BREBES, suaramerdeka.com - Pegawai Negeri Sipil (PNS) sebagai abdi negara dan pelayan masyarakat diminta dapat menjaga netralitas dalam Pilkada Brebes pada Oktober nanti. Hal itu ditegaskan oleh Wakil Ketua Fraksi Partai Demokrat Ahmad Jazuli yang mengaku mendapatkan informasi soal indikasi ketidaknetralan PNS menjelang Pilkada ini.
"Saya berharap agar para birokrat dalam hal ini PNS bisa menjaga netralitas dan tidak terpengaruh oleh suhu politik yang saat ini mulai memanas," kata Jazuli, Senin (30/1).
Anggota Komisi I DPRD tersebut memaparkan, netralitas PNS telah diatur dalam UU No 32 Tahun 2004 tentang Pemerintahan Daerah. Dalam UU tersebut ditegaskan PNS harus netral. Menurut Jazuli, hal tersebut berarti PNS tidak bisa berpolitik. Pada bagian lain, pihaknya berharap agar inspektorat bisa melakukan pengawasan sekaligus mengambil tindakan tegas jika terbukti ada oknum PNS yang ikut terlibat politik.
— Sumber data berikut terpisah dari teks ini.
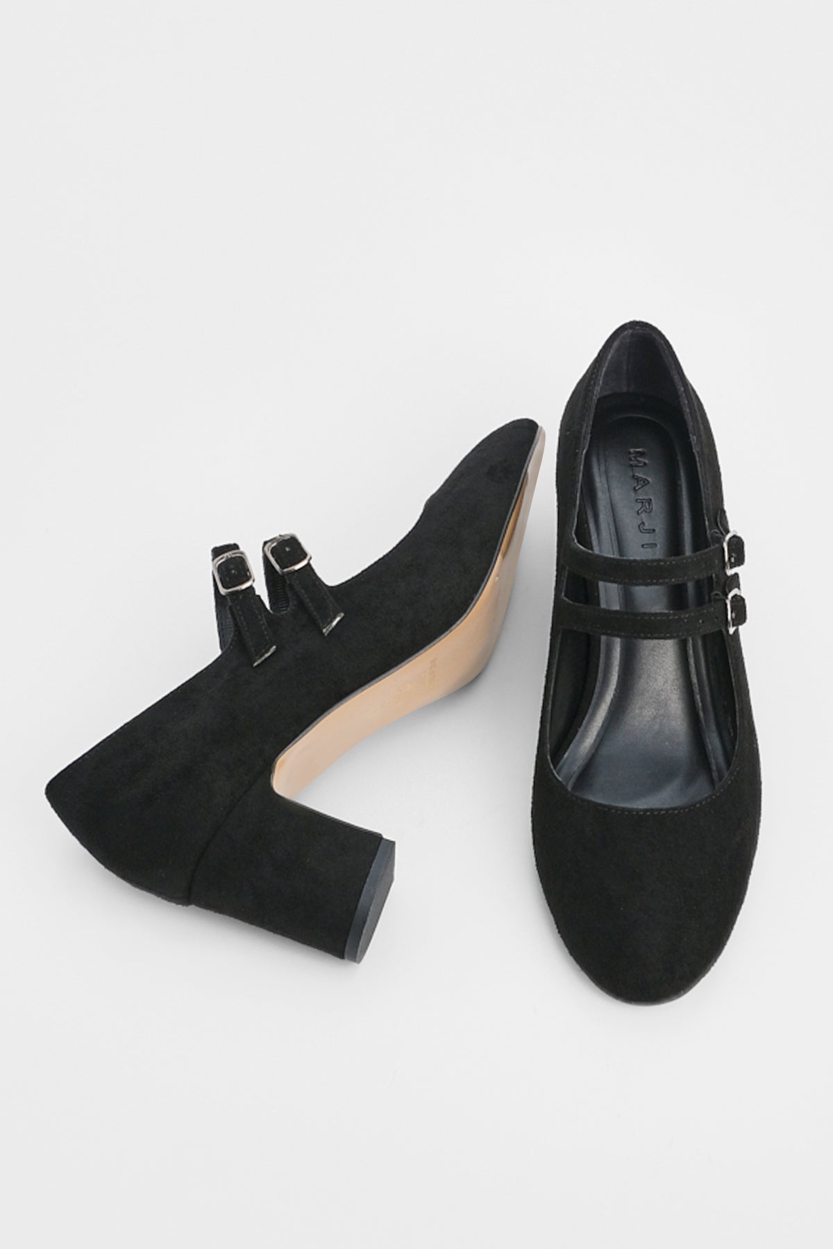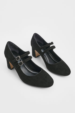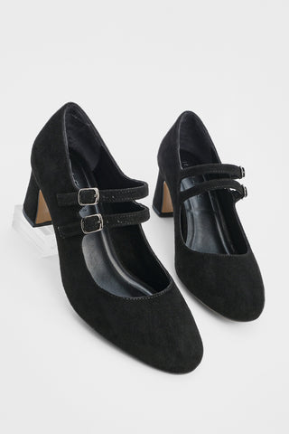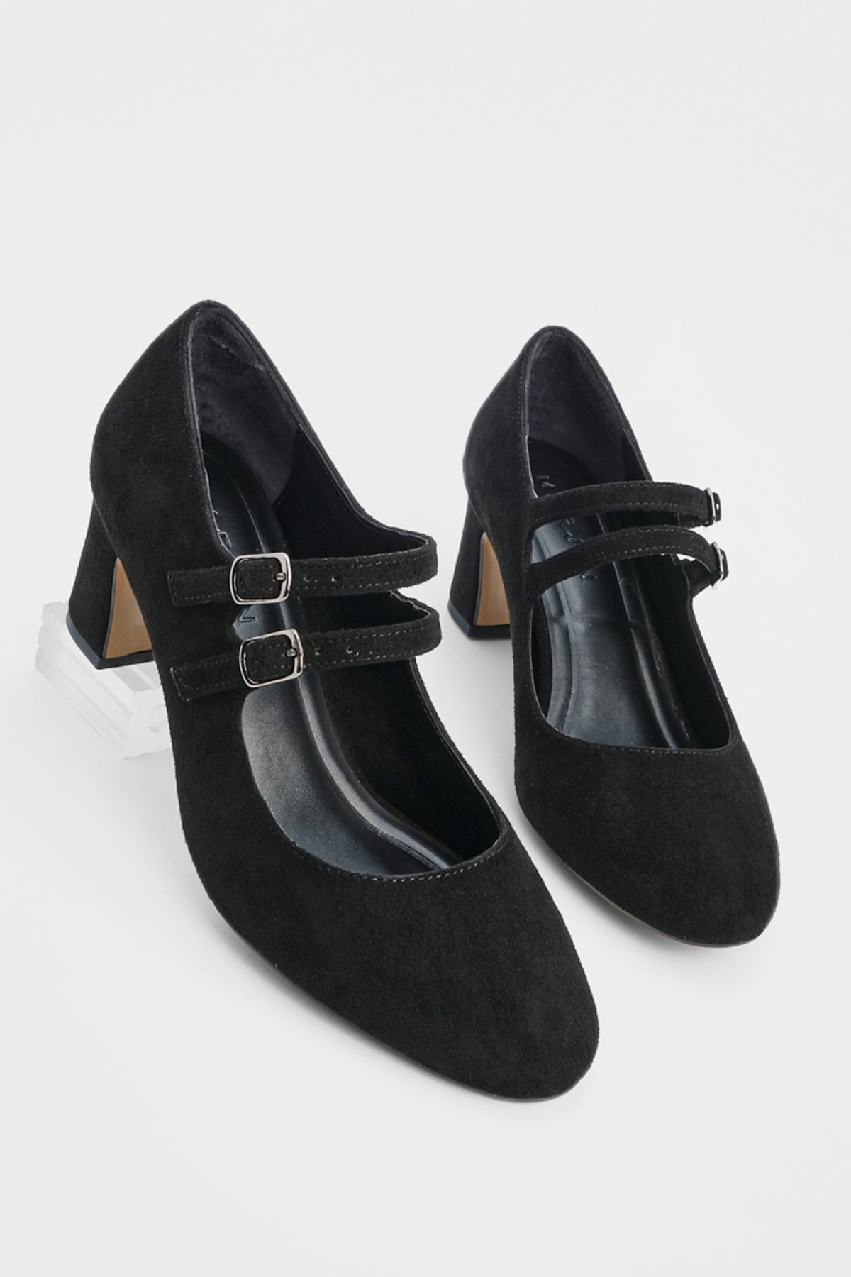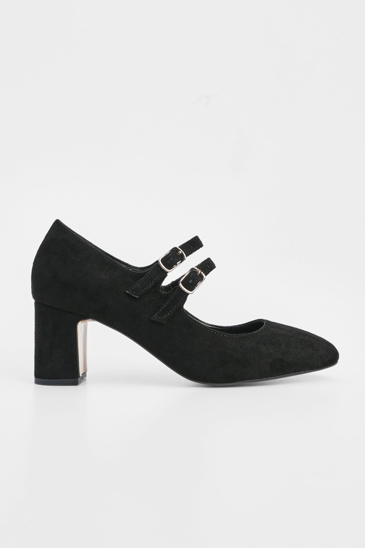 Kadın Kalın Topuk Klasik Topuklu Ayakkabı Funte - Siyah Süet

"Kami berharap PNS bisa berhati-hati, berlaku sesuai peraturan karena jika terbukti terlibat politik ancamannya bisa sampai pemecatan," tandasnya.
Sementara itu, Jefry Arsya Robi dari Brebes Education Watch (BEW) berharap pemilihan bupati dan wakil bupati Kabupaten Brebes tahun 2012 dapat berjalan secara demokratis berdasarkan asas langsung, umum, bebas, rahasia, jujur dan adil. "Pemilukada 2012 harus berjalan secara demokratis. PNS, TNI, Polri dan pihak penyelenggara KPU serta Panwas harus bertindak independen," katanya.
Seperti diketahui, Agung Widyantoro merupakan kandidat kuat yang akan diusung oleh Partai Golkar sebagai calon bupati pada Pilkada Brebes. Sementara Hj Idza Priyanti AMd mendaftar sebagai calon bupati lewat PDIP. Jefryi berharap Pilkada dapat menjadi momentum untuk percepatan pembangunan Kabupaten Brebes secara menyeluruh. Menurut dia banyak problem yang harus dibenahi mulai dari pendidikan, kesehatan dan kesejahteraan masyarakat.